As it happened, she liked the quiet Cheshire village with its pretty fields and distant views of Alderley Edge and the Welsh hills, but when her father suggested rather awkwardly that she might prefer to pretend to people that she and Jimmy had actually been married, she uncomfortably shook her head.

Not even to please her father could she live that sort of a lie. She knew now that there would always be those who would condemn and vilify her for Katie’s birth, just as there would always be those who would reach out to her with understanding and compassion, generously accepting that Katie’s conception had been a pitiful accident rather than the result of a depraved lifestyle.

But it wasn’t until Katie was just five years old that she fully realised just how sensitive her father was about her unmarried state.

Since it was something he never referred to, she had hoped that he, like herself, had come to accept that, while Katie’s conception was not the best thing that could have happened to a sixteen-year-old, Katie herself was a beloved bonus who more than made up for her mother’s disgrace in conceiving her. But one afternoon, when she was collecting Katie from school, she fell into conversation with another parent who was also collecting his child.

Robert Bolton was an outwardly pleasant man, a few years older than she was herself, whom she understood to be divorced from his wife, and who had custody of two young sons.

The thought that he might possibly misconstrue their few moments of idle conversation outside the school gates never even crossed Hazel’s mind, never mind the thought that, because of her unmarried state, because Katie was illegitimate, he might jump to the assumption that, having already had one lover, she might welcome another.

But when he turned up at the house and asked her out, her father was so disapproving and so upset that even though she had no intention of accepting the invitation she felt compelled to ask her father why he objected so strongly.

At first his response was evasive.

She had to be careful, he told her uncomfortably. It wouldn’t do to have people gossiping.

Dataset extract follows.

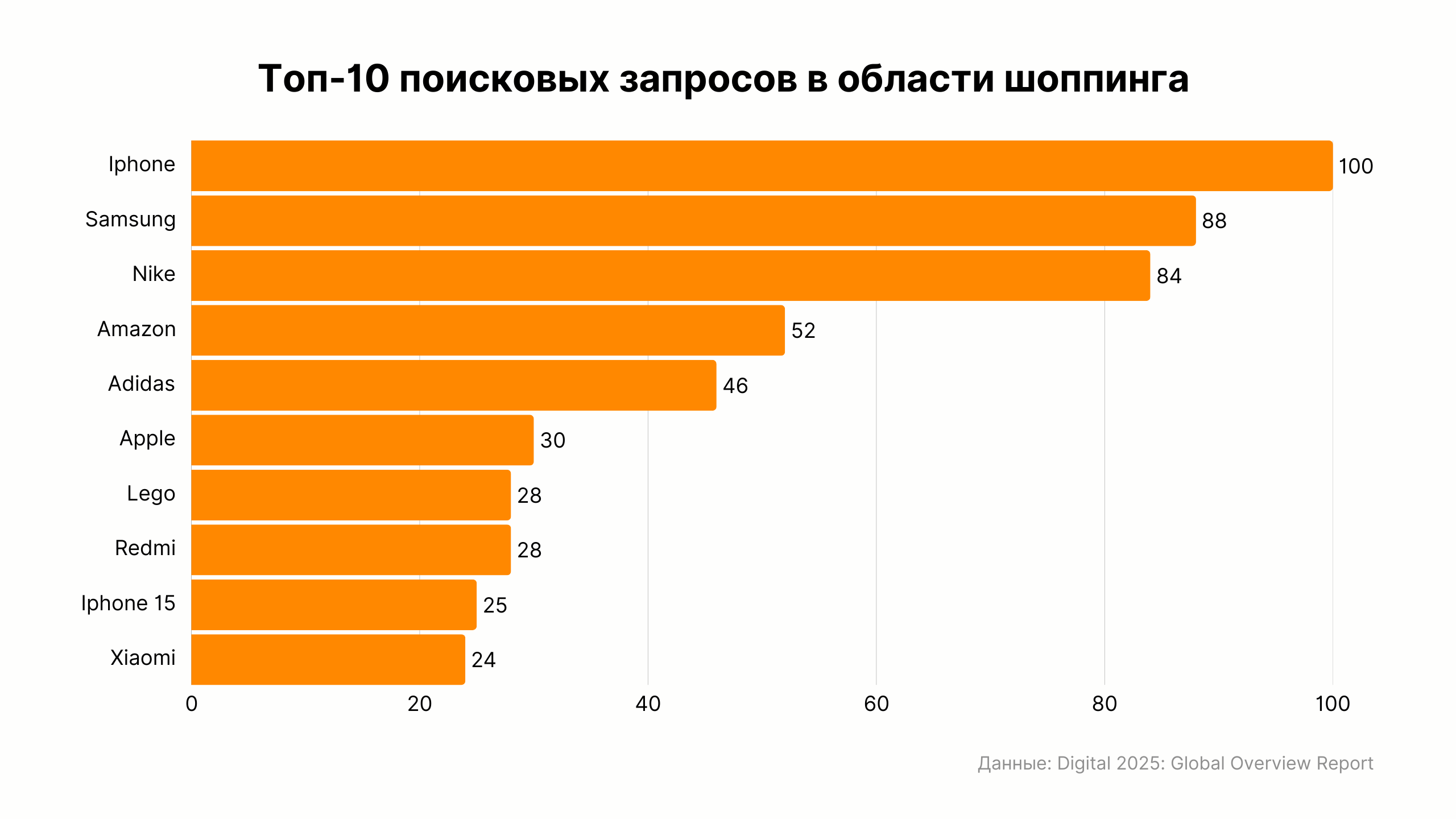 Как сообщают авторы отчета со ссылкой на Google Trends, в 2024 году iPhone был самым популярным товаром в мире. Объем его поисковых запросов на 12% превысил показатели Samsung. Интересно отметить, что iPhone опередил свой «главный» бренд Apple: поиск по смартфонам компании происходит в три раза чаще, чем поиск по бренду компании.

‘Gossiping about what?’ she asked him, genuinely not understanding.

For the first time that she could remember, he lost his temper with her.

Did she not remember that she had an illegitimate child? he demanded tersely. Did she not remember that the disgrace of that had driven them away from London? But that kind of disgrace could never be totally evaded. People talked, people knew … If men started calling here at the house for her …

And then Hazel understood, and quietly but firmly she closed the door in her heart which might have led to an adult relationship with a man. The kind of relationship which might ultimately have brought her true sexual and emotional fulfilment as a woman, the kind of relationship she had sometimes yearningly daydreamed of, the kind of relationship she had envied other women sharing with their men, but which she now understood could never be for her.